TypeFamilies vs. FunctionalDependencies & type-level recursion

dm-list-haskell-prime at scs.stanford.edu dm-list-haskell-prime at scs.stanford.edu
Tue Jun 21 18:41:49 CEST 2011


At Tue, 21 Jun 2011 10:01:24 +0200,
José Pedro Magalhães wrote:
> 
>     | One thing you could do to help in this specific case would be to use a
>     | different M1 tag--e.g., M1 S ... for selectors and M1 NS ... for
>     | fields without selectors (or K1 NS).  I presume you've already
>     | considered this and/or it's too late to make such a change.  (Or to
>     | move the distinction up to the constructor with two different
>     | constructor tags, CR and CN for record and no-record.)
>    
>     I don't think it's too late to make a change.  The stuff has only just
>     gone in, so it's still very malleable.  There may be other considerations,
>     but legacy code isn't one of them!
> 
> I suppose that could be changed, yes, but what exactly are we trying to solve
> here?

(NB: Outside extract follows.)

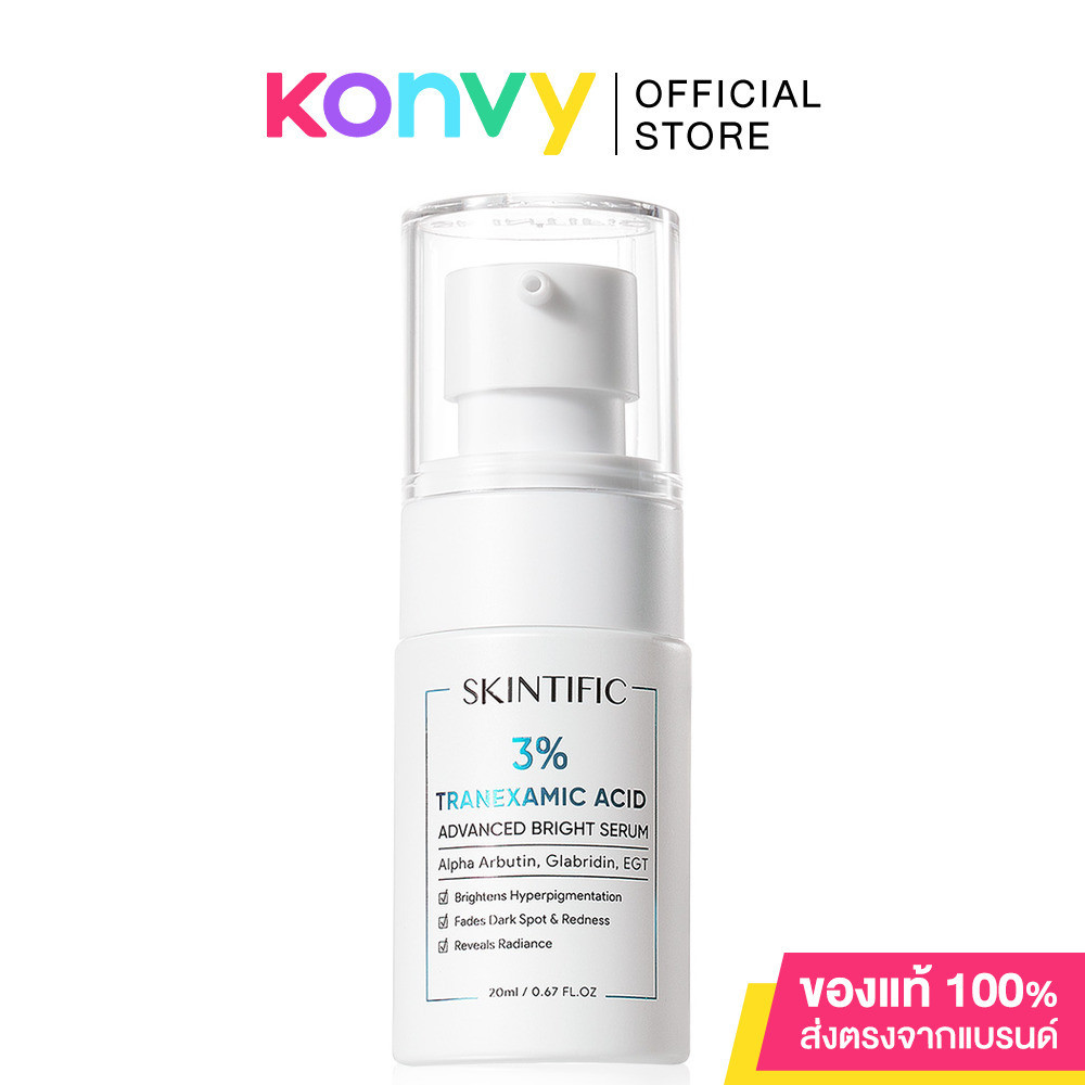 ... ทำความสะอาดใบหน้าของคุณ ใช้SKINTIFIC 10% Niacinamide Serumในปริมาณที่เพียงพอและเกลี่ยให้ทั่วใบหน้าและลำคอ •SKINTIFIC 2% Salicylic Acid Anti Acne Serum 20mlเซรั่มบำรุงผิวหน้า ช่วยปลอบประโลมและดูแลสิว ด้วย Salicylic Acid 2% ซึ่งเป็นความเข้มข้นที่มีประสิทธิภาพในการช่วยดูแลผิวที่เป็นสิว ผสานไนอะซินาไมด์ ช่วยลดโอกาสที่แผลเป็นจากสิวจะปรากฏขึ้น อีกทั้งมีเซราไมด์ ช่วยบำรุงและคงสุขภาพของเกราะป้องกันผิว เลขที่จดแจ้ง 10-2-6600021477 ล้างหน้าให้สะอาดโดยเฉพาะบริเวณที่เป็นสิว ใช้ผลิตภัณฑ์ในปริมาณที่พอเหมาะทาให้ทั่วใบหน้า/บริเวณที่มีสิว ตามด้วยขั้นตอนการดูแลผิวถัดไป •SKINTIFIC 5X Ceramide Barrier Serum 20mlเซรั่มบำรุงผิวหน้า มีส่วนผสมของเซราไมด์ 5 ชนิด เพื่อปกป้องและดูแลเกราะป้องกันผิว มอบความชุ่มชื้น ผสานโพรไบโอติก BFL ช่วยลดรอยแดงและสิว อีกทั้งมี Centella Asiatica พร้อมปลอบประโลมผิว เลขที่จดแจ้ง 10-2-6600028904 ใช้บนใบหน้าที่สะอาด หยด 2-3 หยดลงบนมือ ทาให้ทั่วใบหน้า ลูบไล้ให้ทั่วลำคอ ให้เซรั่มซึมเข้าสู่ผิวได้ดีที่สุด สามารถใช้เซรั่มได้ทั้งกลางวันและกลางคืน •SKINTIFIC 3% Tranexamic Acid Advanced Bright Serum 20mlเซรั่มมี Tranexamic Acid 3% ที่ใช้ Liposomal ห่อหุ้ม กักเก็บสารอาหารไว้ในเปลือกนาโน และทำให้ผิวหนังดูดซึมได้ง่าย เพื่อลดเลือนจุดด่างดำบนใบหน้า ทำงานเหมือนบูสเตอร์บนผิว ปรับสีผิวให้สม่ำเสมอกัน พร้อมด้วย Arbutin, Glabridin บริสุทธิ์ และ EGT ซึ่งเพิ่มหน้าป้องกันไม่ให้เกิดการสร้างเม็ดสีใหม่ เนื้ออิมัลชั่นสูตรน้ำ บางเบา ไม่เหนียวเหนอะหนะ อ่อนโยนต่อผิว สูตรสำหรับทุกสภาพผิวโดยเฉพาะ สำหรับผู้ที่มีปัญหาสีผิวไม่สม่ำเสมอและผิวแพ้ง่ายสามารถใช้ได้ เลขที่จดแจ้ง 10-2-6600032166 ใช้ผลิตภัณฑ์ในปริมาณที่พอเหมาะ 2-3 หยดทาให้ทั่วใบหน้าและลำคอ ก่อนใช้มอยส์เจอร์ไรเซอร์ ใช้ตอนเช้าและกลางคืนเพื่อผลลัพธ์สูงสุด ใช้ตอนเช้า ต่อด้วยครีมกันแดด •SKINTIFIC 10% Vitamin C Brightening Glow Serum 20mlเซรั่มบำรุงผิวหน้า ด้วยวิตามินซีที่มีกรดแอล-แอสคอร์บิก 10% ช่วยเพิ่มความกระจ่างใส ลดเลือนจุดด่างดำและรอยสิว ทำให้ผิวดูเปล่งปลั่งสุขภาพดี อีกทั้งมีสารแอนตี้ออกซิแดนท์ 3 ชนิด ช่วยป้องกันผิวหมองคล้ำ เลขที่จดแจ้ง 10-2-6600034322 ปั๊มผลิตภัณฑ์ในปริมาณที่เหมาะสมลงบนใบหน้าของคุณ เกลี่ยให้เรียบเนียนสม่ำเสมอโดยเฉพาะบริเวณจุดด่างดำ ใช้ทั้งกลางวันและกลางคืนเพื่อผลลัพธ์ที่ดีที่สุด และตามด้วยครีมกันแดดในตอนเช้า •SKINTIFIC 3% Tranexamic Acid Advanced Bright Serum 20mlเซรั่มมี Tranexamic Acid 3% ที่ใช้ Liposomal ห่อหุ้ม กักเก็บสารอาหารไว้ในเปลือกนาโน และทำให้ผิวหนังดูดซึมได้ง่าย เพื่อลดเลือนจุดด่างดำบนใบหน้า ทำงานเหมือนบูสเตอร์บนผิว ปรับสีผิวให้สม่ำเสมอกัน พร้อมด้วย Arbutin, Glabridin บริสุทธิ์ และ EGT ซึ่งเ

One can already specify different behavior for constructors with/without
> named fields. Are we trying to avoid OverlappingInstances? Then yes, this
> might help, but I'm not sure this change alone would make all generic
> programming possible without OverlappingInstances.

Sorry, I wasn't necessarily advocating the change.  This came out of a
long discussion of UndecidableInstances.  Oleg's TYPEOF approach is
one way to avoid them (or at least to avoid them in conjunction with
OverlappingInstances).  Before Oleg posted his examples, Simon asked
if it might be possible to use the new Generic class in a similar way.
I was pointing out that no you can't, though the specific example I
gave could be accommodated by a small change to the Generic interface.